What major lesson have you learned so far?

There are huge limits to our predictive powers, and human potential is a messy thing to measure. I’ve learned never to mistake an application for a student and never to think we know more than we actually do. The 1997 film Gattaca should be required viewing for anyone with too much confidence in his or her ability as a so-called gatekeeper.

What is your view of independent schools and their admission practices?

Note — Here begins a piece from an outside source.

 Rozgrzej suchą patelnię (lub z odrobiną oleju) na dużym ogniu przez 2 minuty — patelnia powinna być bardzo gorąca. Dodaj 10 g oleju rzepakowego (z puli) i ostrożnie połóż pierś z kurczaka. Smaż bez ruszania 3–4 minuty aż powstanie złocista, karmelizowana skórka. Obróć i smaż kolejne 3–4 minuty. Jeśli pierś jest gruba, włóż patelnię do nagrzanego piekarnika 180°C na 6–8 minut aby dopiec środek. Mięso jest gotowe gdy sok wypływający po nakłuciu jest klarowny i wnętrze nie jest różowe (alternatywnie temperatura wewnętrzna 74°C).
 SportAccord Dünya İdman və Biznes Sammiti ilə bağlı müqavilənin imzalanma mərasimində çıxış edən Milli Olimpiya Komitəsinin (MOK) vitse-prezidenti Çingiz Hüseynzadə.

Although my opportunities are limited, I enjoy comparing notes with admission folks from independent schools. Their pools tend to be more regional than those of national universities, which can make it easier to isolate variables from year to year, and sometimes they see emerging trends a few years before they chart for us on the university side. Ultimately, good independent schools share many of the same goals as good universities: expanding access, diversifying their pools, and enrolling the best and brightest students. We speak a common language that provides a basis for sharing insights.

You were recently in the news for jettisoning the traditional viewbook and instead creating a multimedia, interactive vehicle called the Ampersandbox. Tell us why you made this gutsy move and how it’s played out.

Admission, like most of higher education, evolves slowly. Often this is a good thing, because it protects us from the rapid pace of overreaction and trend chasing. Unfortunately, many conventions outlive their usefulness or fail to change in response to how our constituents have changed. If you want proof, visit a college fair and ask yourself whether it’s very different from the ones you attended a generation ago. The basic structure of the college fair has remained constant despite dramatic changes to how students learn about universities.

Same thing goes for the college viewbook. Print still plays an important role (if nothing else, as a prop to facilitate conversations between students and parents), but the role of print needs to evolve. Viewbooks aren’t a primary resource anymore, because that’s what the internet has become. Viewbooks that want to be a primary resource end up unread in the recycle bin. They can’t compete.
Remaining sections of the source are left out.